I remember when I hated the doctrine of predestination. I would go around saying, "Predestination? I don't believe in that." I could not bring myself to accept the fact that God decided, before the world and its inhabitants existed, the final destiny of individual sinners (definition loosely taken from Packer's Concise Theology)? My intense hatred for this doctrine caused me to ignore its obvious usage throughout the New Testament as well as its clear meaning in those contexts.
I won't lie, predestination still doesn't sit well with me sometimes. I read passages like Romans 9:22-23, "What if God, desiring to show His wrath and to make known His power, has endured with much patience vessels of wrath prepared for destruction, in order to make known the riches of His glory for vessels of mercy, which He has prepared beforehand for glory..." and I can't help but have mixed emotions - emotions of great sorrow mingled with those of sober joy.
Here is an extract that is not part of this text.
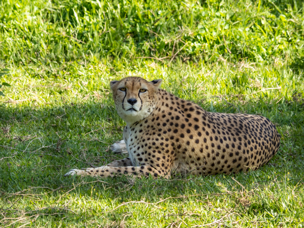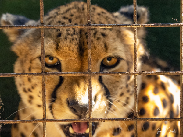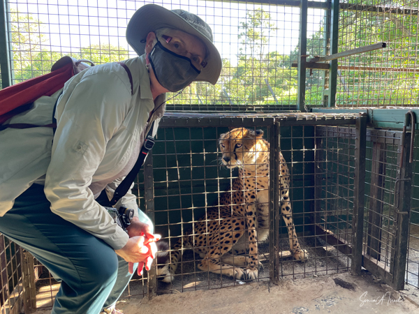 Next we went to see the two cheetahs who were outside in a large field. I have seen many animals in the wild, but never a cheetah. This too was not in the wild, but closer than I’ve ever been. The guides coaxed the cheetah into the cage by calling to him and holding a large piece of raw meat. At first the cheetah just didn’t care, but eventually he made his way into the cage and the guides closed the gate on either side. Debby and I then took turns squatting down to take a picture with the cheetah. But really I preferred to study he face. Such intensity in his eyes. What was he thinking? Perhaps, “What am I doing here and where is that meat they teased me with?”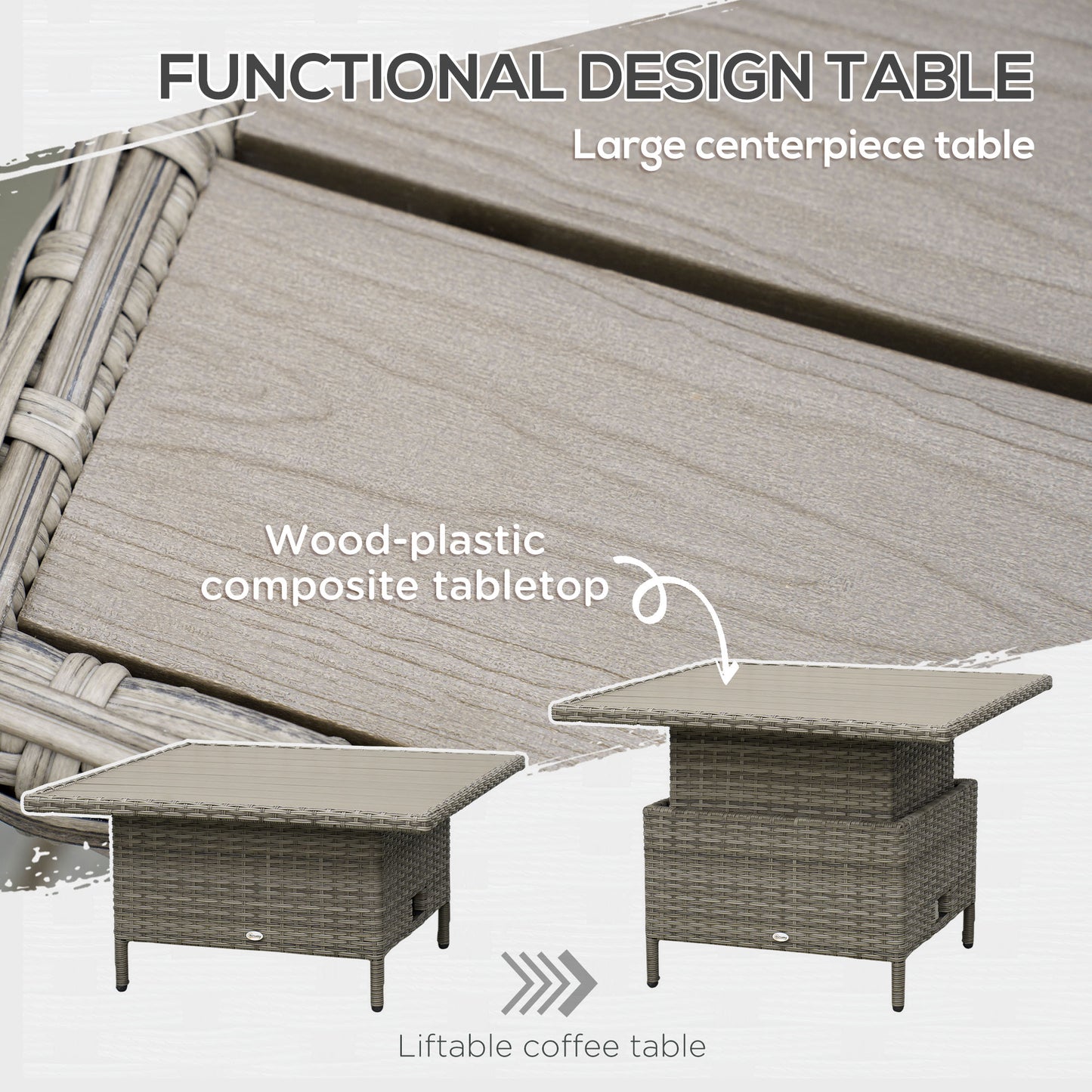 Outsunny 6 Pieces Outdoor PE Rattan Garden Furniture, Patio Wicker Sectional Conversation Corner Sofa w/ Soft Padded Cushion & Liftable Coffee Table, Grey

Therefore, when people come and ask me about predestination, I have learned to approach the topic with great care and understanding. I am approached often, and more times than not, the questions are negative in nature. Like me, many have a hard time realizing that this doctrine is in their Bible. They come asking how they are supposed to understand it and deal with it. My answer is a simple one. It takes all of about three minutes.
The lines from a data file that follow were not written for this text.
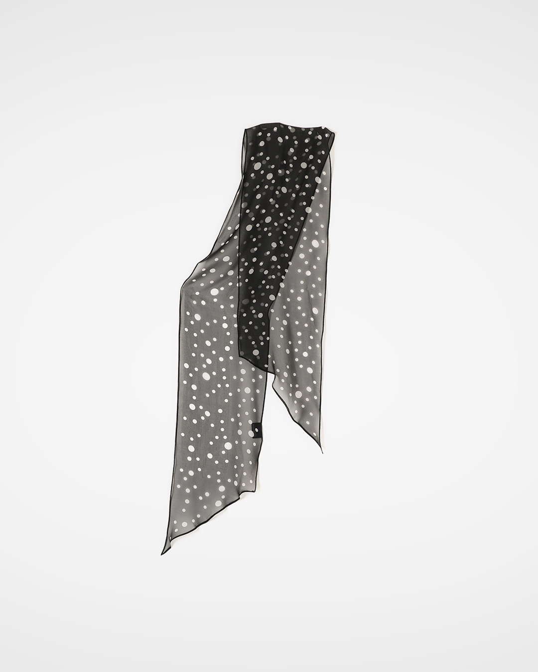 • 클래식 & 모던, 투톤 도트 패턴 블랙과 그레이 톤에 흩뿌려진 크고 작은 도트들이 경쾌하면서도 결코 가벼워 보이지 않는 우아함을 연출합니다. 피부 톤이나 옷차림에 크게 구애받지 않아 ‘어떤 룩과도 잘 어울릴까?’ 하는 고민을 덜어주어요.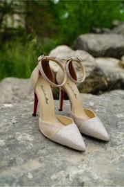 Kadın Elegant Ayakkabı Çift Bant Kısa Topuklu Ayakkabı Özel Tasarım Abiye Ayakkabı - Image 1
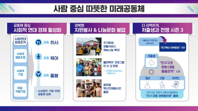 경북이 주도하는 저출생과 전쟁은 더욱 강력해진 시즌3로 확대한다. 저출생에 고령화, 청년, 외국인 정책을 종합해 미래 인구구조 변화에 선제적으로 대비해 나갈 계획이다.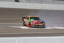 The next morning, NASCAR president Mike Helton announced, following discussion with Busch and team owner Joe Gibbs, that Busch would remain parked for the remainder of the weekend, including the Nationwide Series O'Reilly Auto Parts Challenge and the Sprint Cup AAA Texas 500.[118] Denny Hamlin replaced Busch in the Nationwide Series event, while Michael McDowell drove Busch's No. 18 in the AAA Texas 500.[118] Helton took this action under a rule that allows NASCAR to park a driver in order to ensure the "orderly conduct of the event." Since this was not considered a suspension under NASCAR rules, Busch could not appeal the decision. It was the second time since what is now the Camping World Truck Series was launched in 1995 that NASCAR has parked a driver across national series (In 2002, during a Craftsman Truck Series race at Martinsville, Kevin Harvick was parked for aggressive driving, when he said over the radio that he will "kill" Coy Gibbs. A few moments later, he spun him out intentionally. He was parked for the Winston Cup race at Martinsville.) and only the third cross-series sanction in NASCAR's 64-year history.[119] NASCAR's action mathematically eliminated Busch from contention for the Sprint Cup, though any realistic chance of him making the Chase had ended earlier.[118] Later that day, Busch issued an apology for his actions, saying that the Texas incident was "certainly a step backward."[120] In addition, Busch offered to let Hornaday, his Kevin Harvick Incorporated team closing at the end of the season, drive his No. 18 truck in 2012; Hornaday declined the offer due to his long-standing relationship with Chevrolet.[121]

First, I explain to them what the doctrine actually means. Then I ask them what their chief problem is with it. Without fail, it is that God predestines people to hell - that He decided beforehand that wrath should be poured out on particular people.
I take this opportunity to read Acts 4:27-28, "...for truly in this city there were gathered together against your holy servant Jesus, whom you anointed, both Herod and Pontius Pilate, along with the Gentiles and the peoples of Israel, to do whatever your hand and your plan had predestined to take place." These verses, along with others like Acts 2:23, tell us that God predestined the death of His Son by the hands of lawless men. In short, at the Cross, God predestined the innocent Son to die for the sins of others.
At this time, I ask, as I have asked my self over a hundred times, "Have you ever struggled with the fact that God the Father predestined God the Son to take the wrath of hell for sinners?" "Do you struggle more with the fact that guilty sinners were predestined to hell than you do with the truth that the innocent Son was predestined to take your hell?"
Finally, I propose that our primary struggle should be with the fact that God predestined the Cross. And until we feel the weight of that truth, then we can hardly proceed to struggle rightly with the fact that God predestines the destinies of individual sinners.
I think this is a great point. I think though as individualistic Americans though most of us are disturbed more that we don't get a chance without God's intervention. Without a firm understanding of the inevitability of sin and it's consequences Hell seems unfair from a human perspective. Why are we going to Hell? Sin Why do we sin? The fall. Why was there a fall? UMMMMM, it's complicated.